Sunday, May 22, 2016

Fiction: The Wheel Chair Kid -- Wall

There is a wall that separates us, Michael and I.

It all started at the party. The community gathered at the pool, acting neighborly. Kids slapped the concrete with their wet feet, leaving behind dark footprints disappearing under the hot sun. No barbecue. A stack of pizza boxes from Costco littered table tops next to bottles of Cola. Women perched on the edges of lounge chairs chatting to each other, their swimsuits in various stages of revelation under summer dresses or skimpy cover-ups.

Michael was sitting by the Jacuzzi, his hair wet, feet dangling in the swirling water. I wheeled up to him and opened my mouth to say hi, except a woman had appeared out of nowhere and wrapped her arms around his neck.

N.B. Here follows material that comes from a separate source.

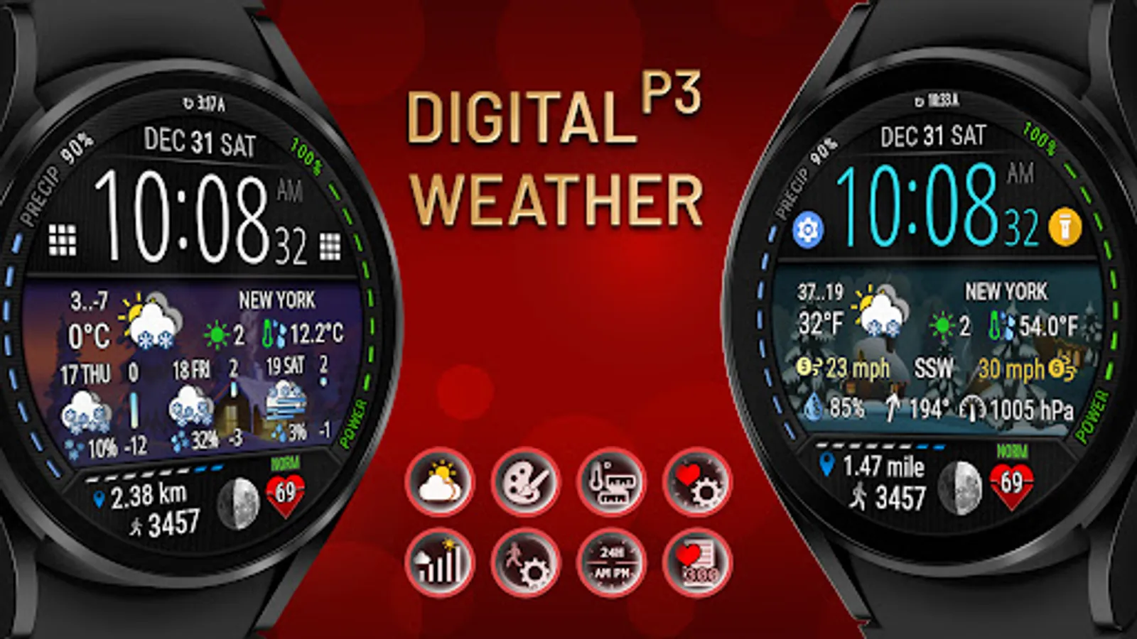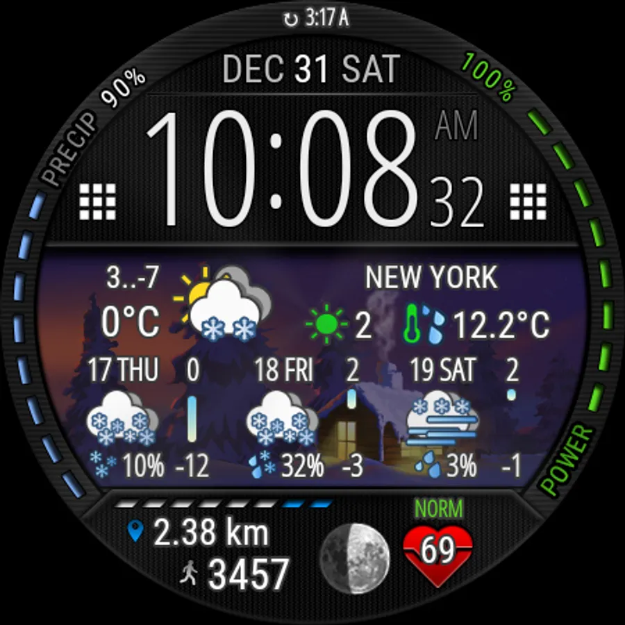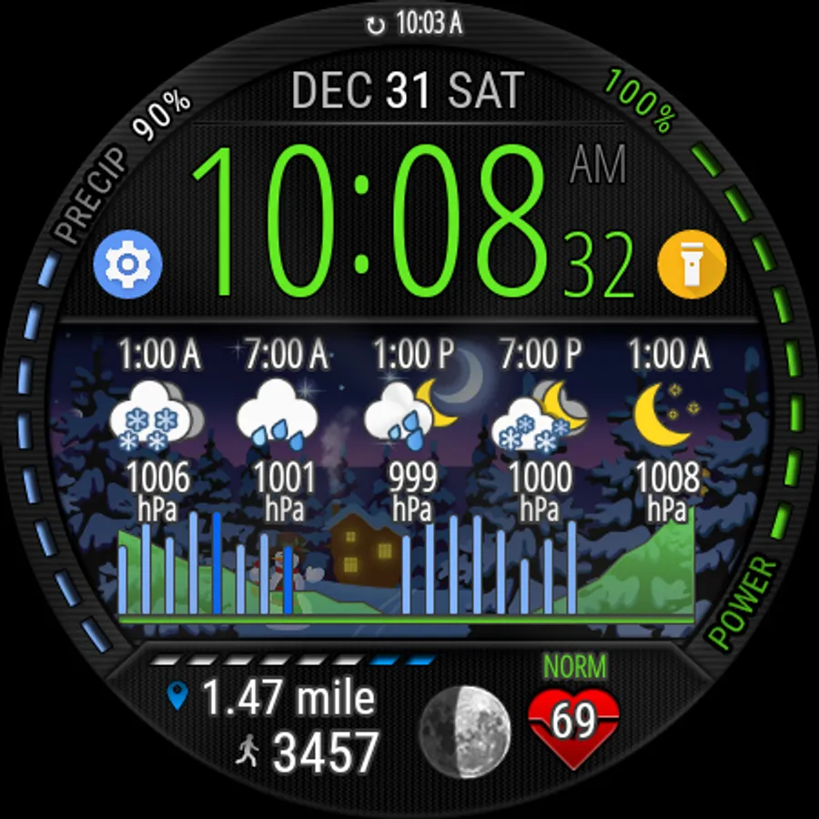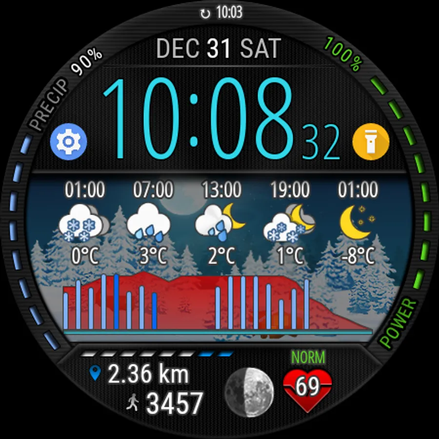 Watch face with weather forecast for 3 days, 25-hour forecast charts, 8 time symbol colors and 8 backgrounds.

She was young, firm and spotless. Dark hair in perfect streams of curls, breasts squeezed into two perfect half dooms by the spandex of her suit, eyes sparkling blue. Somehow all the splashing from the pool, pizza grease and flowing soda cups never touched her or nary left a mark on her. She pouted before she spoke. "Honey, how long are we going to stay here? The sun is giving me a headache. Let's go get some ice cream at that new store in the plaza..."

She swung her arms so Michael swung with her, the two of them in a sort of dizzying dance. My stomach squeezed itself hard, and I wheeled my chair around.

"Charlotte!" Michael called from behind me. I looked over my shoulders, the woman pressed a palm against the far side of his face--the side leaning towards in his call--and pulled it toward her. She leaned forward so the top of her high breasts came dangerously close to Michael's down turned chin.

I wheeled away.

The sun bore down at me, noisy in its brightness. It always reminded me of the cicadas from when I was little, and how my brother Tom and his buddy Luke used to chase it away with long bamboo sticks. That was summer for me. Bright light, dark shiny leaves sleeked in oil from various insects. Boys running around in ill-fitting shorts. Me looking up and leaning back until the top of my head touched my back. Our arms and legs were always so spindly they didn't look strong enough to carry our bodies until we jumped into the pool--a community mud pond--and swam like our lives depended on it, splashing to cool the burn from running bare feet, 100-meter-dash-style from the changing room to the water's edge. I never felt like I could run then, my legs threatened to buckle with each step I took, yet I always made it, unaware of the bliss that I carried in them.

Michael's steps didn't follow and I was relieved. We are all better off this way. I have a nice bottle waiting under the bed for me. Behind solid white walls. At home.